Making Northern Mexico states more competitive is one of the key drivers behind a new initiative introduced by Mexico’s President Andrés Manuel López Obrador (AMLO).
The move, which creates a huge free economic zone along the US-Mexico border, is likely to yield several ancillary benefits, namely more job opportunities in those northern hubs and, in turn, the expansion of more skilled labor pools that can directly benefit the Nearshore outsourcing sector.
AMLO’s bold program would constitute the world’s largest free economic zone, stretching from Baja California on the Pacific coast to Tamaulipas on the Gulf of Mexico, covering as many as 43 municipalities across the Northern Mexico.
Businesses operating in the zone will enjoy a 50% break in value-added tax (VAT), and the income tax they need to pay has also been reduced to a mere 10%.

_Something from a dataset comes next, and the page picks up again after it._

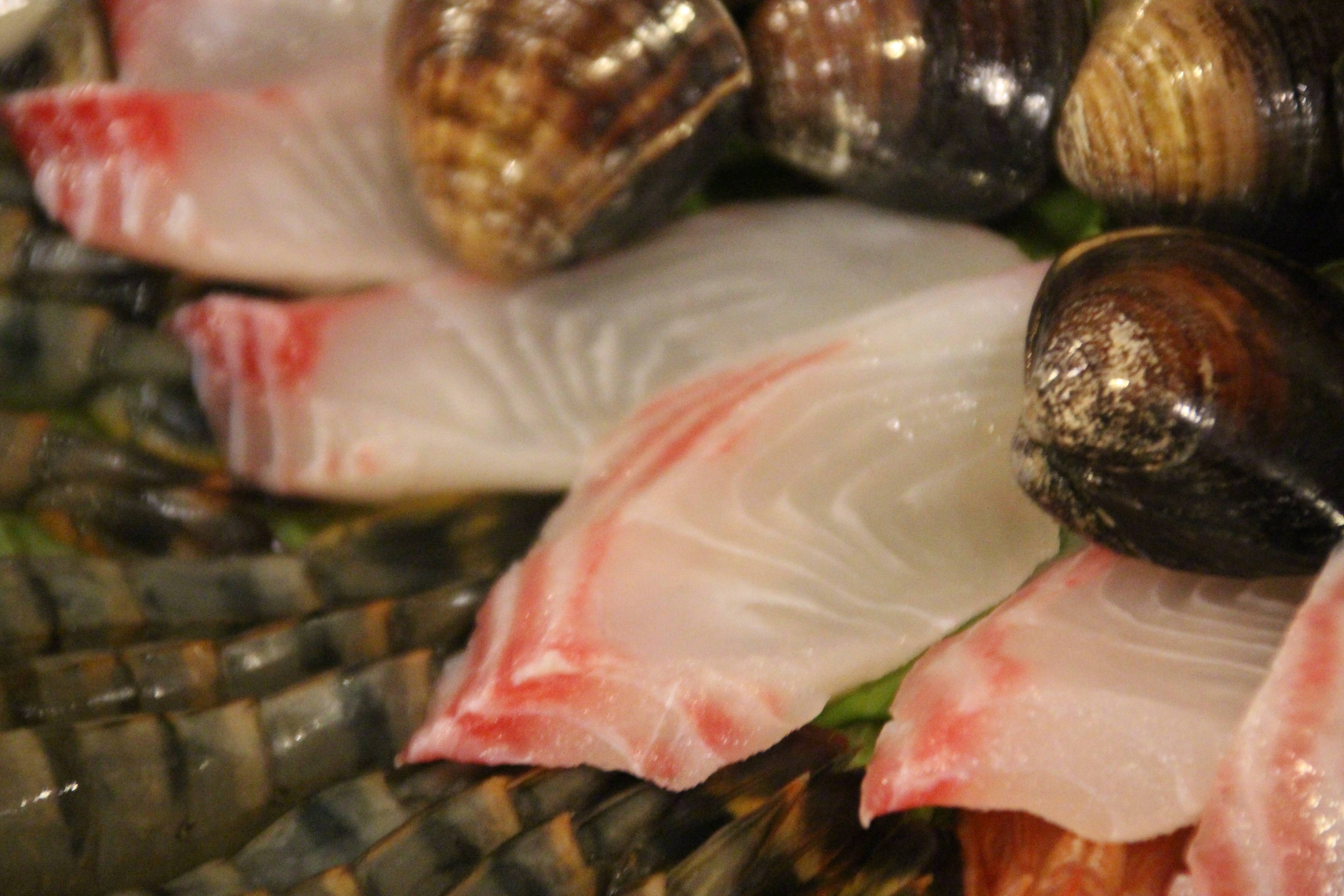 可以看到一隻隻新鮮的蝦子和弟弟最愛的天使蝦,鯛魚片一份。

There is little doubt that the economic zone will seek to capitalize on the strengths of the US economy, by delivering more incentives for multinational firms to establish Mexican offices, analysts say. Tax-breaks alone will give businesses more opportunities to invest, helping them draw Americans from across the border for shopping.
Larger Vision of Collaboration
The new economic zone appears to be a more tangible manifestation of existing cross-border dealings, especially in the San Diego-Baja corridor which has aimed to position itself as a region for higher-end services, including high tech manufacturing, life sciences research and development and of course, software, IT services and call center services.
One of the most notable symbols of that collaboration came two years ago when Thermo-Fischer’s CTO drove the establishment of a dedicated software development center in Tijuana, about 50 miles south of the company’s main headquarters in Carlsbad, Calif.
Observers see the new economic zone as adding extra fuel to current collaborations, and providing existing Mexican tech firms, and others, to consider capitalizing on the new tax relief in the Northern regions. This could come in the form of creating additional development offices, but some critics say – Not so fast.
One of the long-standing criticism of the border region is its lack of qualified talent. High capacity talent hubs such as Monterrey, Guadalajara and Mexico City cast a big shadow on the less-developed border towns.
To add to this, there is an ongoing uncertainty around the fate of thousands of migrants, mostly from Central America.
The other major challenge is the belief that Southern California business, in large part, remains clueless about the high-tech capabilities along the border.
In this essay in Nearshore Americas from 2017, our author argues that U.S. decision-makers lack to the familiarity with the Baja region necessary to imagine the kinds of partnerships that could result. “What I see is a highly complementary ecosystem (connecting Baja and San Diego), which has the potential to become much more integrated and cohesive than it is presently,” he writes.
To deal with the talent crisis, AMLO has devised a program called “Youth Building the Future”, under which around 300,000 high school students will be given incentives every month. In addition, the government has agreed to spend millions of dollars on providing job training (internships) for as many as 2.3 million young people
The northern Mexican states have long been creating better economic opportunities, partly due to their proximity with the United States. Baja California, for example, saw a double-digit economic expansion in 2017, the highest growth among the Mexican states.
Until the North American Free Trade Agreement (NAFTA) came into force, the northern region was a duty-free area for high-end goods. However, in recent years, reports say, higher taxes has left many businesses struggling to compete with their counterparts in US cities such as San Diego.
However, curbing crime and building a strong educated workforce has been a challenge for successive governments. In the border town of Tijuana, for example, homicide rates increased so dramatically that the state of Baja became the second-most violent state in the country in 2018, behind Colima.